Long-term saving requires an ability to manage the associated risks. Share prices fluctuate widely, in marked contrast to the stability of bank deposits. If the fluctuations occur around a steeply rising yield, as they did in the end of the 1970s and during the 1990s, the problems may not be particularly great. Even bad advice can be forgiven when things are going well. But the time comes when stock-market yields fall back to a more "normal" trend and the fluctuations in share prices are then of greater importance for investors.
It follows that in future households will need qualified assistance and support in order to arrive at the best and safest ways of investing their assets. As I said earlier, this is a task for the financial system's institutions: banks, security companies and so on. Performing in the stock market is not all that easy when yields are more normal. If inexperienced people are enticed into buying shares for money they will soon need for other purposes, the results can be tragic. Similarly, the consequences may be fatal if a stock-market collapse erodes pension capital just when it is most needed for retirement.

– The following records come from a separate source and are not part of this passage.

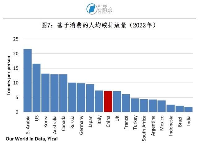 到目前为止,中国仍是世界上最大的二氧化碳排放国。2023年,中国的碳排放量占全球总量的近三分之一,与欧洲、美国和俄罗斯大致相同(图6)。
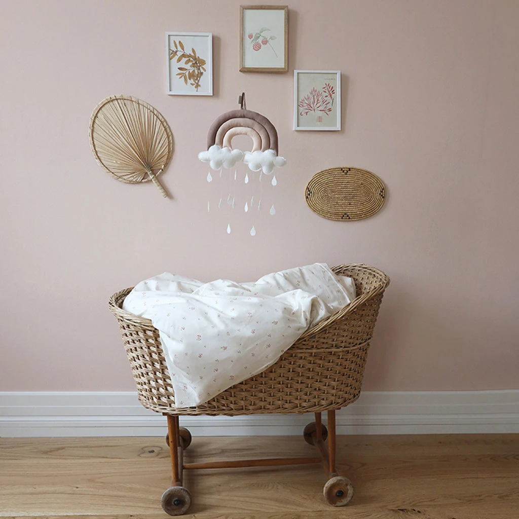 The rainbow creates a dreamy universe, and the gentle movements of the cute raindrops in the air will entertain your baby.
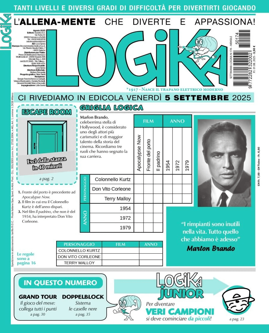 Inzwischen müde ich den üblichen Cruciverba und das klassische Puzzle, entschloss ich mich, ein neues Magazin, die Logika -Woche, zu abonnieren, und es war eine Entdeckung! Es besteht aus verschiedenen Spielen, hauptsächlich mit Zahlen und jeder hat logische Argumente gemeinsam. In jeder Veröffentlichung gibt es zwei spezielle Spiele (zum Beispiel Fluchtraum), die sich ändern und zurückkehren. Die letzte Seite ist auch den Rätsel gewidmet, um in einer Gruppe gelöst zu werden, sie sind sehr nett und sind dem lateralen Denken gewidmet! Ich wollte daher meinen Eindruck zurückbringen, weil es eine Zeitschrift ist, die kaum in Zeitungskiosk und monatlich zu finden ist (auch wenn sie die Logika -Woche monatlich herausstellt). Vielleicht können andere Enthusiasten von Rätsel und Logik nützlich sein und es wird erfreut sein, mich zu mögen! Und was denkst du? Hat jemand sie schon gekannt? Welches Puzzle machst du?

In order to illustrate the challenges and risks associated with share investment, let me now very briefly summarise some of the established theories. Not even professional financial agents find it particularly easy to perform successfully in the stock market. There are plenty of situations when steeply falling share prices make the ordinary share investor feel nervous and uncertain. What, then, should an ordinary household do to avoid running into trouble? So let me present what is perhaps a simplified background to some of the ideas and theories that explain the behaviour of financial markets.
What governs share yields?
Much of the time-honoured advice that is now disseminated to optimise share investment is based on what Harry Markowitz arrived at half a century ago as a 25-year-old graduate student at Chicago University (1). Share investment involves risks that can be reduced by not putting all the eggs in one basket. Buying one particular share entails risks of two types; one to do with conditions pertaining to the company in question, the other with the economy in general, that is, factors affecting the stock market as a whole. Markowitz showed that with a portfolio made up of shares in a sufficient variety of companies and industries, the company-specific risks virtually cancel out. The risk inherent in the stock market's overall fluctuations remains but the aggregate risk is reduced.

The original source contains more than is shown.